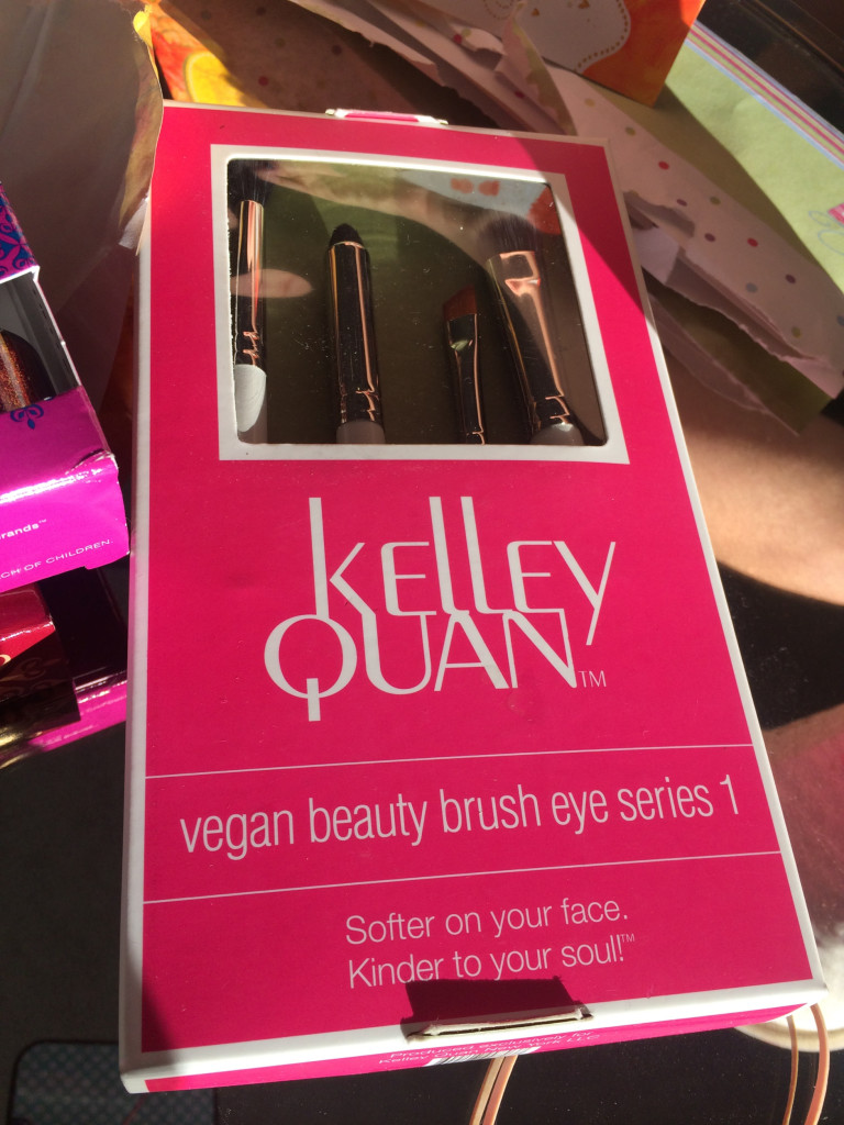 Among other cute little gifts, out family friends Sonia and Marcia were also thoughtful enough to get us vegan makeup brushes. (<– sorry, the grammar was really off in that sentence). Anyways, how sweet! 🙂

* * *

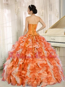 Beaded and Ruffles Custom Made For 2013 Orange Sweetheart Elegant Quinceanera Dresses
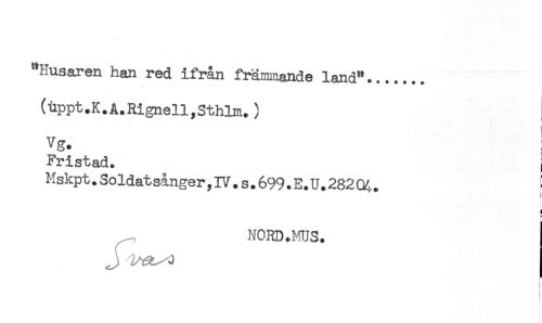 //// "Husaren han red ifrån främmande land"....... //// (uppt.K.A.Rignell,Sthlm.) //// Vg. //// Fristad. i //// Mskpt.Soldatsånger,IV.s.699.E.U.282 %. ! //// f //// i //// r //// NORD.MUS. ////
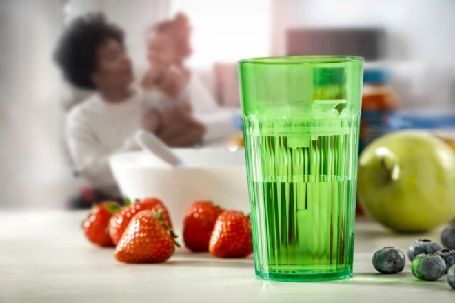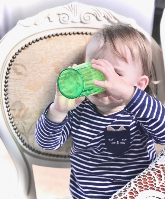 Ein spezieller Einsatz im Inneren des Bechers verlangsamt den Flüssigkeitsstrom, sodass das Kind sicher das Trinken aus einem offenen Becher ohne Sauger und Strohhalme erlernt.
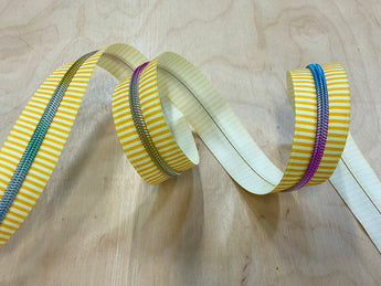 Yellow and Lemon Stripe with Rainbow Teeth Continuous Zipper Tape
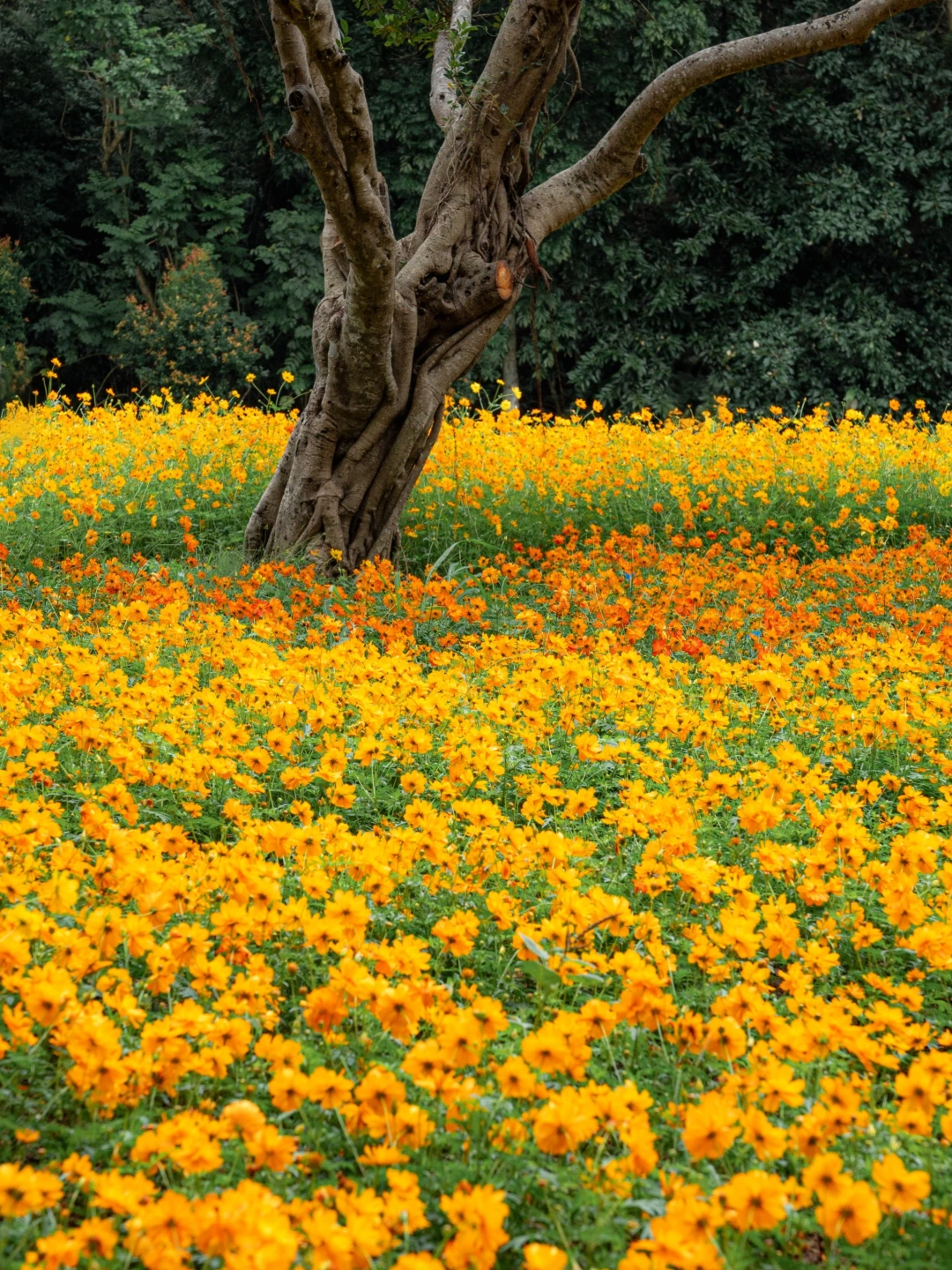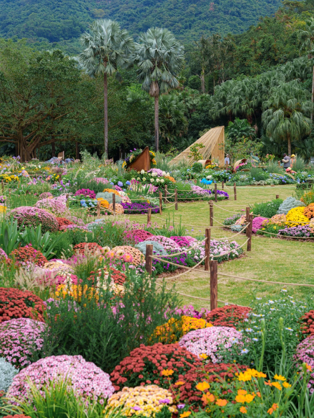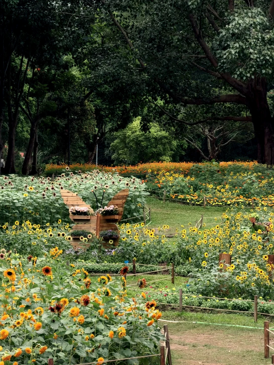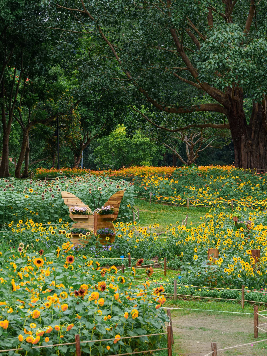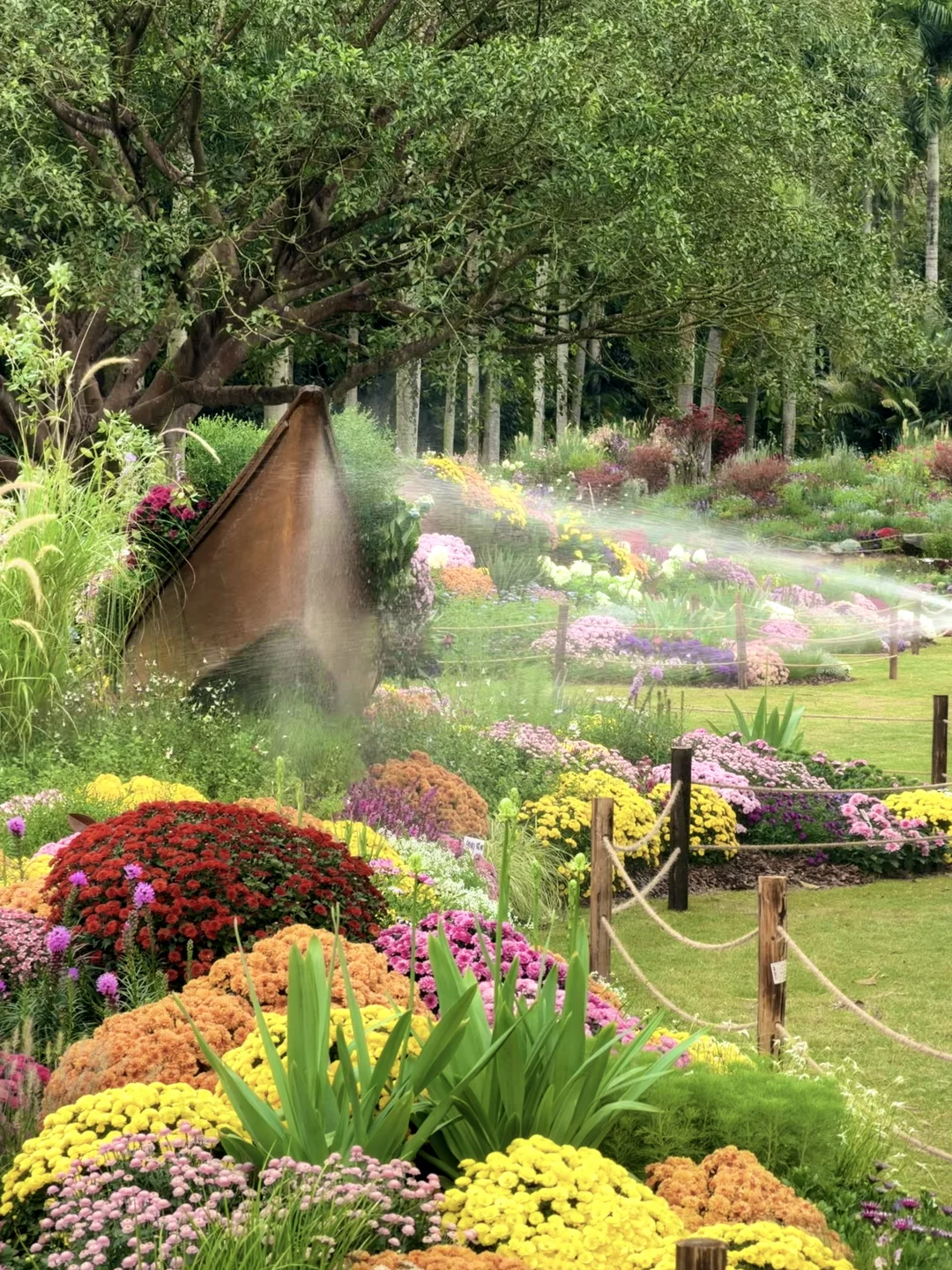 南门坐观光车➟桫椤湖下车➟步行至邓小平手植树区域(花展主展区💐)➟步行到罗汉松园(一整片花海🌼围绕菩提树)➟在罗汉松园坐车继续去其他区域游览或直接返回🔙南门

* * *

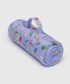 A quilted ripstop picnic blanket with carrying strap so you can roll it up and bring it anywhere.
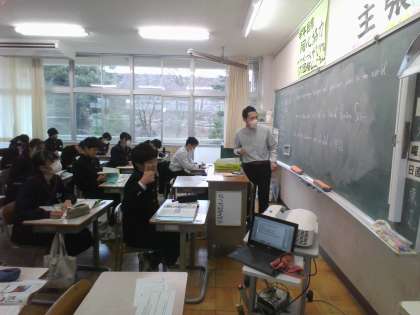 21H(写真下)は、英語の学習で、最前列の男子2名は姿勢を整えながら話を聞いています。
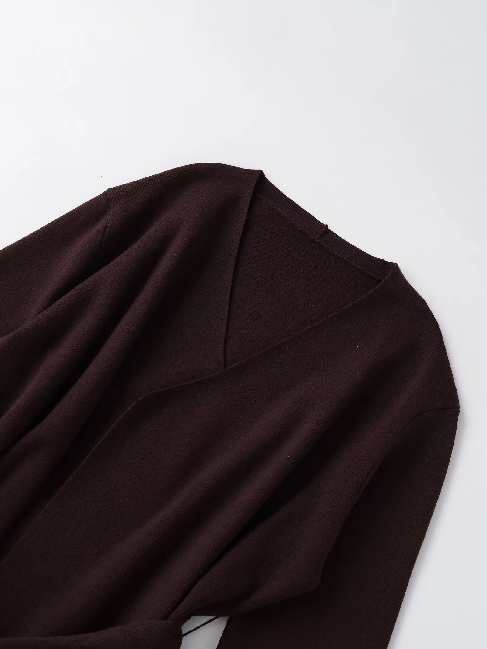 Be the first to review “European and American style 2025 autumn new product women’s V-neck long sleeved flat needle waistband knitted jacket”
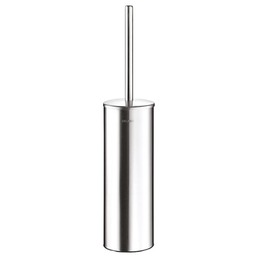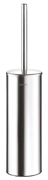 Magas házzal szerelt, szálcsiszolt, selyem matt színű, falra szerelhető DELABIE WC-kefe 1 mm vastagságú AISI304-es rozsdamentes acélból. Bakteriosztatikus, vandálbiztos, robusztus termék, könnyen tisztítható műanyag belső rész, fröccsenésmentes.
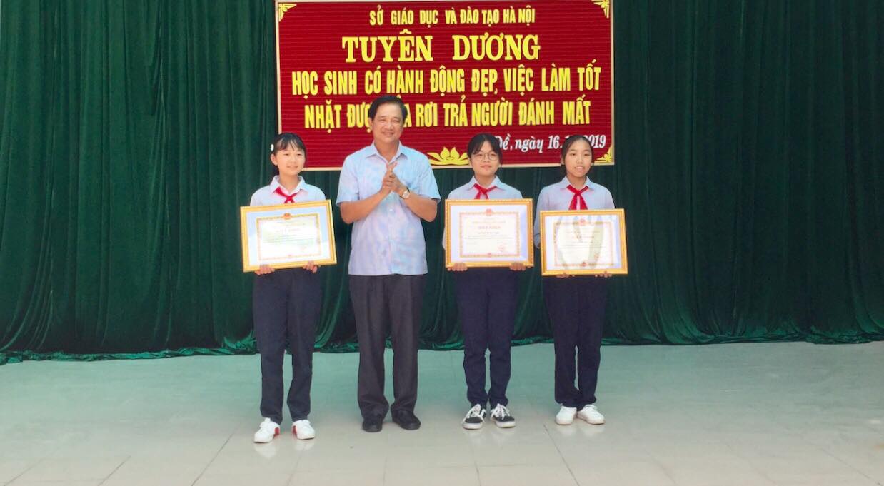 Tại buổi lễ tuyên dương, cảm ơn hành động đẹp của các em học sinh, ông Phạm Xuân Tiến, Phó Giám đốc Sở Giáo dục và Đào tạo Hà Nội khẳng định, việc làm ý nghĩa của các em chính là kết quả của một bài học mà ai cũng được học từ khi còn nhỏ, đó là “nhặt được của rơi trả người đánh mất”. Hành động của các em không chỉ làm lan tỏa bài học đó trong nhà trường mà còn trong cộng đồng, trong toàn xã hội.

=== Task goal ===
Above, find the line with "Be the first"; copy it and every line down to the line with "Magas házzal szerelt, szálcsiszolt, selyem", exactly and both included, but no pictures.

=== Written answer ===
 Be the first to review “European and American style 2025 autumn new product women’s V-neck long sleeved flat needle waistband knitted jacket”
 Magas házzal szerelt, szálcsiszolt, selyem matt színű, falra szerelhető DELABIE WC-kefe 1 mm vastagságú AISI304-es rozsdamentes acélból. Bakteriosztatikus, vandálbiztos, robusztus termék, könnyen tisztítható műanyag belső rész, fröccsenésmentes.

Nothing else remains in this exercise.